There was this grouping of chairs at the top of the stairs by the entrance to the ward. A member of staff sat there and patients came and went, read magazines, talked. I realized later that the member of staff was there not for intellectual conversation for the patients, but rather to make sure that none of them tried to escape.
I realise now that the feeling of being in a dream was maybe because most of the patients were on a lot of drugs so were moving slowly, lumbering around, all their movements were delayed, a lot of the conversations made no sense, although other patients seemed to be able to talk animatedly to each other about something that seemed to make no sense to me. It was like walking onto a strange film set, looking in on a strange world, but not being part of it.
I had this real fear that having got my brother into the hospital he would then lose all his rights. The doctors would give him loads of drugs and that would be it – he would be a zombie for the rest of his life and there would be nothing anyone could do to stop them. My worst fears were realized when I arrived early the following morning ready to meet the consultants on their morning rounds and to ask what was going on. I waited hours and no-one came to see me. Finally, I saw my brother walking along the corridor. Apparently, he had just been in to see the doctors. I felt I was invisible.

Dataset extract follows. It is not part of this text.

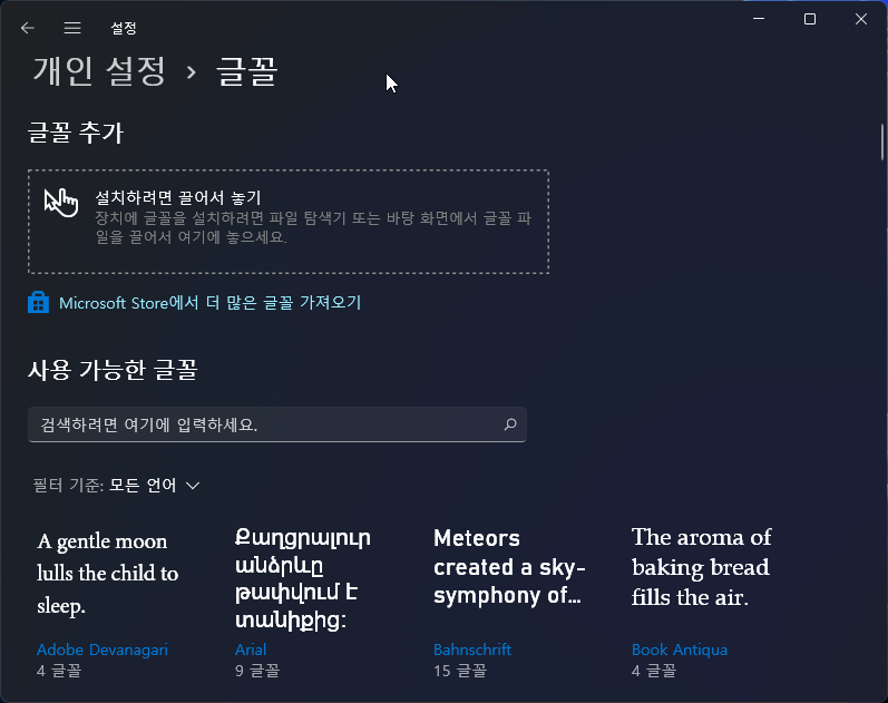 윈도우11에서 Adobe와 그 외 프로그램을 위한 폰트 설치하는 방법
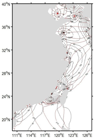 M2 co-tidal and co-phase charts from FVCOM. The red and black lines show the phase lag (in degrees relative to Beijing local time (UT + 8 h)) and amplitude (in centimeters), respectively.

The doctors came to me smiling, “we don’t think he’s schizophrenic” – was that a good thing? Luckily it was. It was something to do with whether you heard your own voice talking to you in your head or someone else’s. One meant you were schizophrenic and the other meant you were only manic depressive which they said was fairly easy to treat.
I calmed down over the next couple of days and realized that although Benjy wasn’t completely normal as far as the hospital staff was concerned he was able to make decisions about what he wanted to do etc. The only thing which was a bit shocking was that he wasn’t allowed out of the hospital on his own or even with me for a couple of days. Benjy had also been told that if he didn’t take the drugs he would be sectioned and if he tried to leave the hospital he would be sectioned so maybe the idea of freedom was a bit of an illusion.
But I realized that the reason the staff had kept their distance from me initially was that it was up to Benjy to choose what he wanted. Did he want to see me or not, did he want me to be consulted on his care, did he want me to be told what was going on. This reassured me. He wasn’t going to lose all his rights and to an extent, he had a say over what happened to him.
It was a bit weird seeing Benjy in the state he was in. To begin with, I took everything he said and tried to have a reasoned, logical conversation with him. It was quite hard to tell where the madness finished and where the sanity began. He didn’t look mad, apart from walking a bit stiffly because of the drugs. It wasn’t until the doctors said that it was best not to get drawn onto the subjects which wound up my brother, I wouldn’t be able to reason him out of his beliefs – a whole army wouldn’t be able to change the way he thought – that was his illness. They said the best thing, while they were waiting for the drugs to have their effect, was to talk about mundane things, my daughter, the weather etc.
But then when Benjy did ask direct questions, should I lie, should I try to protect him from the truth, i.e. how long would he stay in, how ill was he, what were people saying etc. Again the nurses guided me through this. They said it was easier just to tell him everything and Ben would choose what he wanted to take on board. Otherwise, you could end up in a mess. Slowly I realized I didn’t have to take complete responsibility for my brother. He could still take responsibility for his own actions and words.